* **RECORDS TO PROCESS**
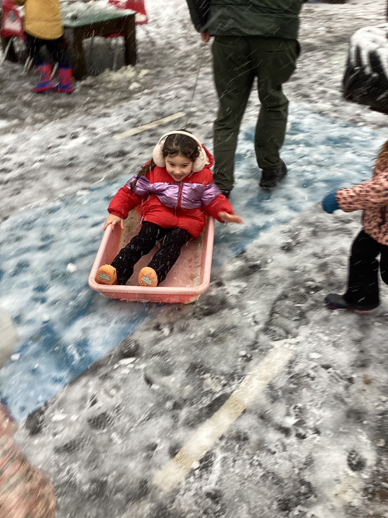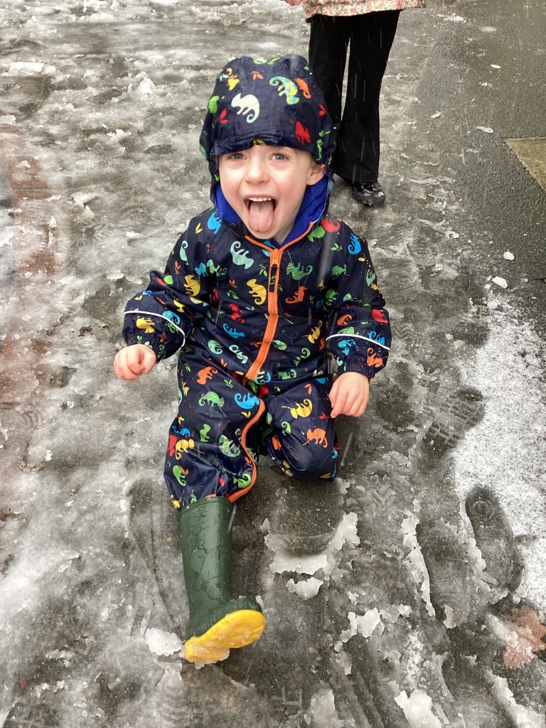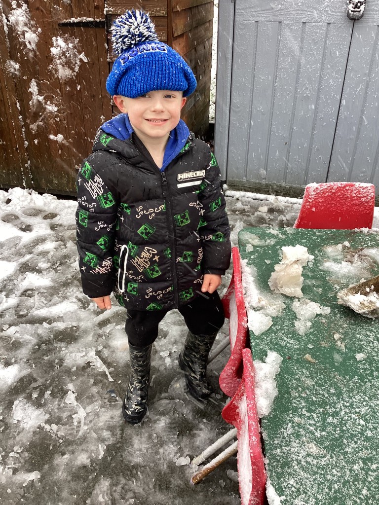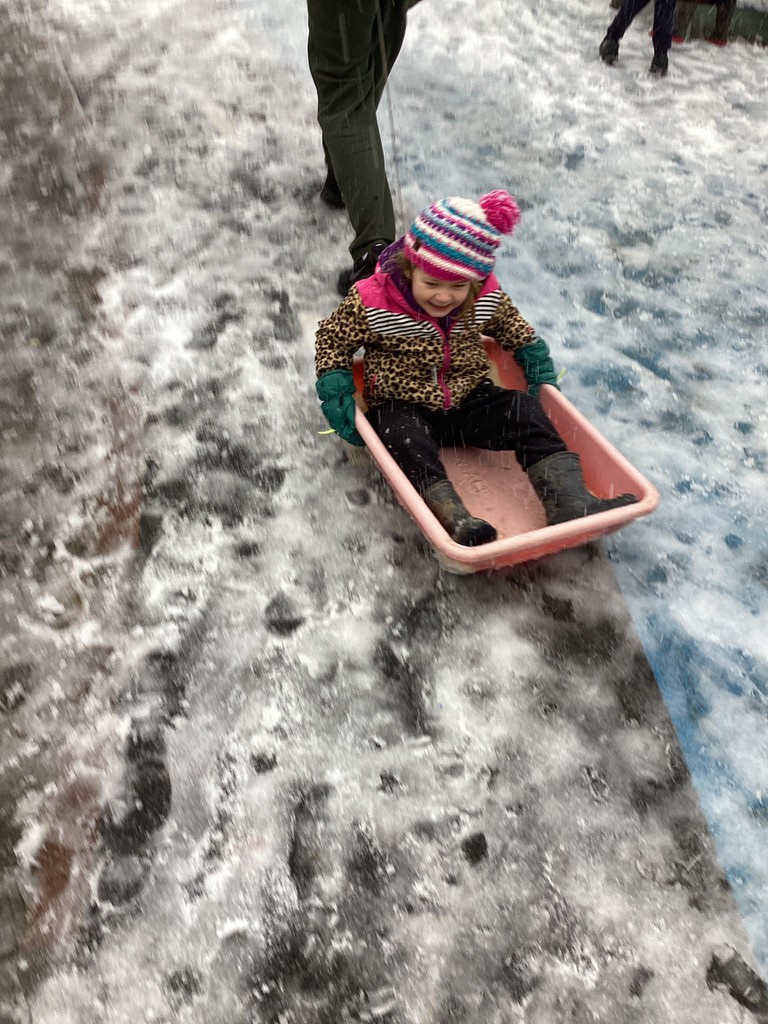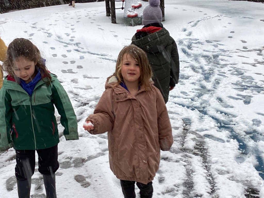 Of course, Friday has brought with it snow which delighted and excited the children. In our outdoor areas the children relished the opportunity to play in the snow, making snowballs, snow piles (it was a bit wet for snowmen!) and speedy sledge rides around the track!
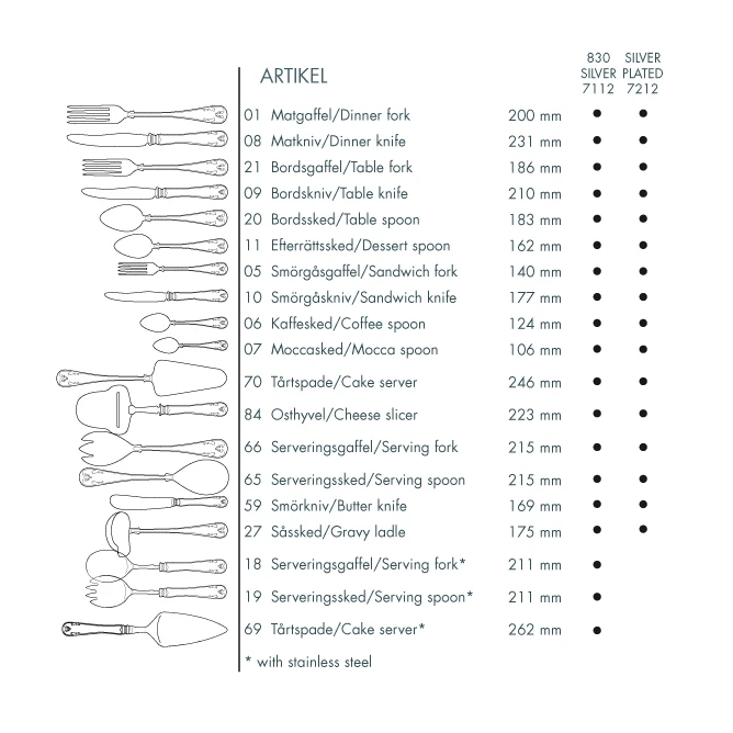 Los cubiertos de plata son aptos para lavavajillas, no limpiar en lavavajillas junto con acero inoxidable.
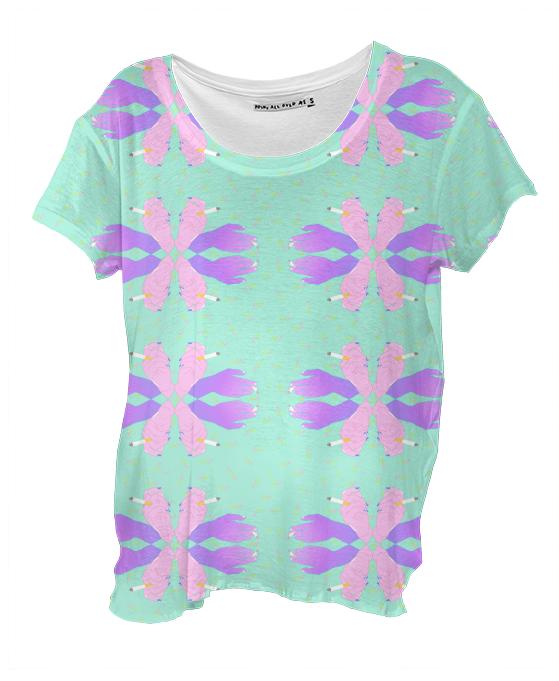 Loose fitting scoop neck shirt with nice drape and curved bottom hem.
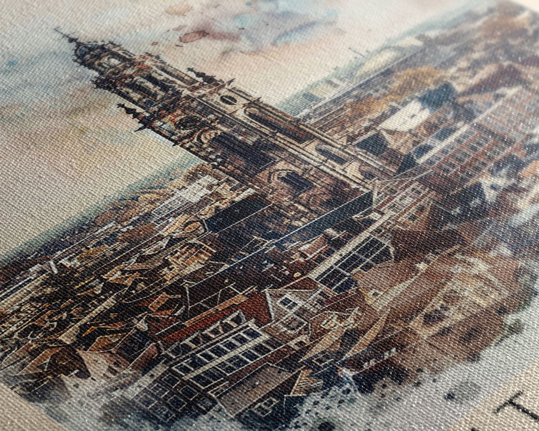 Most of our canvases are made in the USA, with the exception of canvases ordered with the light oak unstained frames, and any large canvases (24x48, 30x60, 16x48 and 20x60) ordered WITH a frame. These are temporarily made in and shipped from Europe, while we try to find a more consistent supplier in the USA.
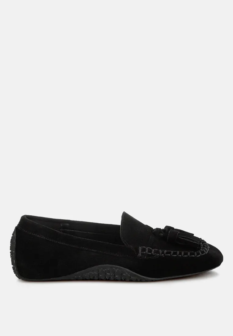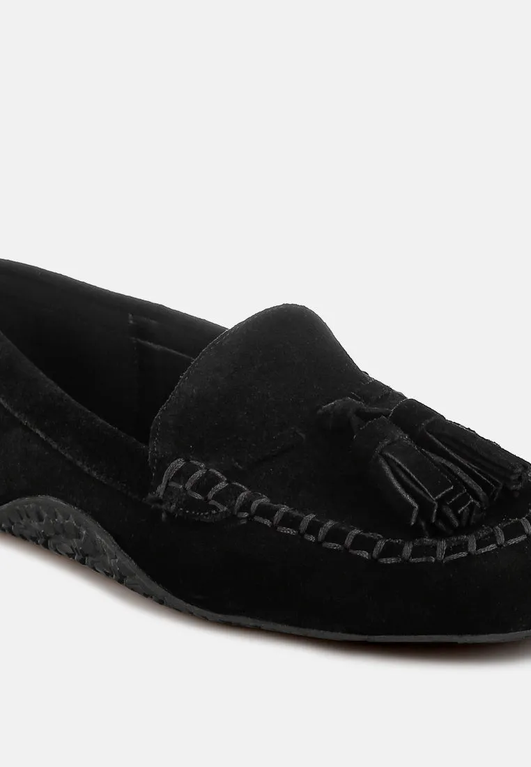 To perfectly complement your outfits, we present this pair of suede loafers that blend comfort and style. Expertly crafted and designed for easy wear, the tassel-embellished loafers are the ideal choice to enhance your most basic outfits.

* **WHAT YOU WILL DO**
In the copy, no pictures are to appear; write out exactly the lines from the one containing "Most of our" through the end of the listing above and no further lines.

* **RESPONSE BELOW**
 Most of our canvases are made in the USA, with the exception of canvases ordered with the light oak unstained frames, and any large canvases (24x48, 30x60, 16x48 and 20x60) ordered WITH a frame. These are temporarily made in and shipped from Europe, while we try to find a more consistent supplier in the USA.
 To perfectly complement your outfits, we present this pair of suede loafers that blend comfort and style. Expertly crafted and designed for easy wear, the tassel-embellished loafers are the ideal choice to enhance your most basic outfits.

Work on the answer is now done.